Andererseits sind aufgrund der immer noch so bequemen Ausgangssituation im eigenen Land viele spanische Großunternehmen für den internationalen Wettbewerb nicht gerüstet, was der Telefondienstleister Telefónica mit seinem erfolglosen Europaauftritt im Mobilfunk beweist. Die deutsche Marke Quam operiert ebenso glücklos wie das von Telefónica angeführte UMTS-Konsortium in Italien.

Auch Aznars eiserne Sparpolitik wird langfristig wohl zulasten der Wirtschaft gehen. Spaniens Bildungsinvestitionen liegen um 40 Prozent unter dem EU-Durchschnitt - das öffentliche Schulsystem ist kaum noch zu finanzieren, viele Unternehmen bemängeln die schlechte Ausbildung an den Universitäten. Der geringe Stellenwert von Forschung und Entwicklung hat Spanien zudem bei der Produktivität weit zurückgeworfen - nur Portugal und Griechenland stehen innerhalb der EU noch schlechter da.

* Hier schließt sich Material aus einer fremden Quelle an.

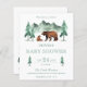 Papier Invitation au Baby shower d'ours de forêt verte ne
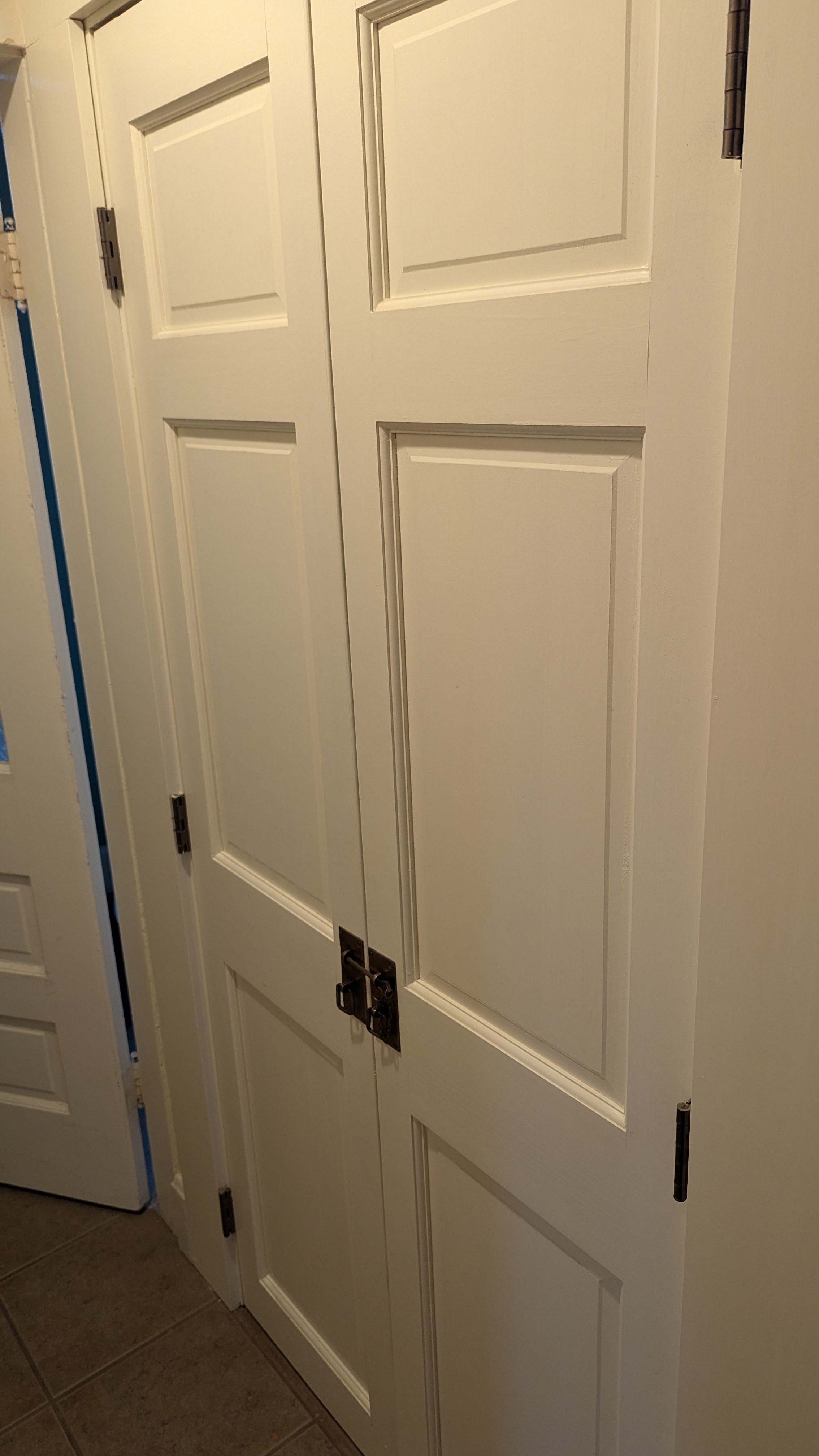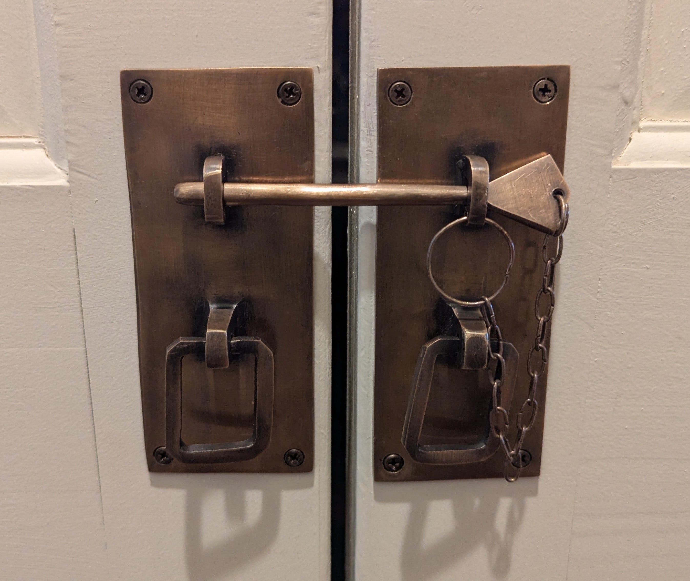The handles arrived the days later. They looked even better than in the pictures (as if Lola would ever pick something in bad taste). They were hand-crafted brass loops on metal plates with a pin to hold them closed. That last part was vital. We didn’t want any of our indoor mini livestock getting into the pantry. We weren’t sure if that pin would be enough. None of the reviews said anything about stress-testing the slide lock against pigs. I took a chance on them anyway because I didn’t want it to be another ten years before we moved forward. It still might have taken a decade to get the handles from the box to the doors if not for another fortuitous occurrence: My father-in-law, Bob, who can fix anything, was coming over to babysit. I casually sent him a text that mentioned, if he came early, he could also do some home projects. That was like telling him he won the lottery. He’ll never miss a chance to save the day.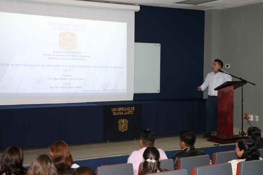 Celaya, Gto., a 24 de octubre de 2023.- En el Segundo Coloquio de investigación en Enfermería, estudiantes de la Maestría en Ciencias de Enfermería del Campus Celaya-Salvatierra de la Universidad de Guanajuato (UG) sometieron sus protocolos de investigación al escrutinio de revisore(a)s externos, del país y el extranjero, con miras a incidir en un escenario mundial a partir de un modelo de investigación multicéntrica.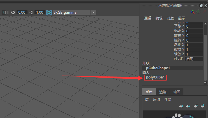 5、点击它之后,我们看右边有一个通道盒,用鼠标移动到下面的polycube1.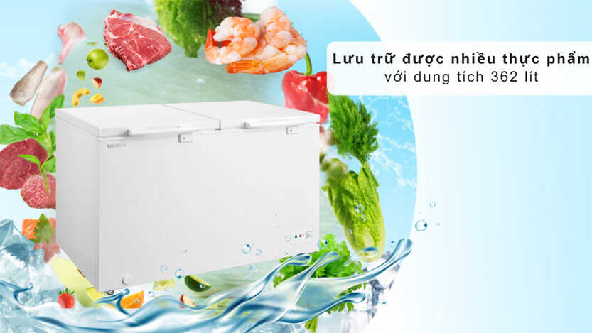 Tủ đông có thiết kế 2 cửa, 1 ngăn với dung tích sử dụng 362 lít.

Hinzu kommt die demografische Entwicklung. Das kinderfreundliche Volk hat inzwischen die niedrigste Geburtenrate der Welt. Angesichts der Schulkosten (viele Eltern sind gezwungen, ihre Kinder auf Privatschulen zu schicken), der in den vergangenen Jahren enorm gestiegenen Immobilienpreise und Lebenshaltungskosten sowie fehlender staatlicher Hilfen sind Kinder für viele Spanier ein Luxus geworden.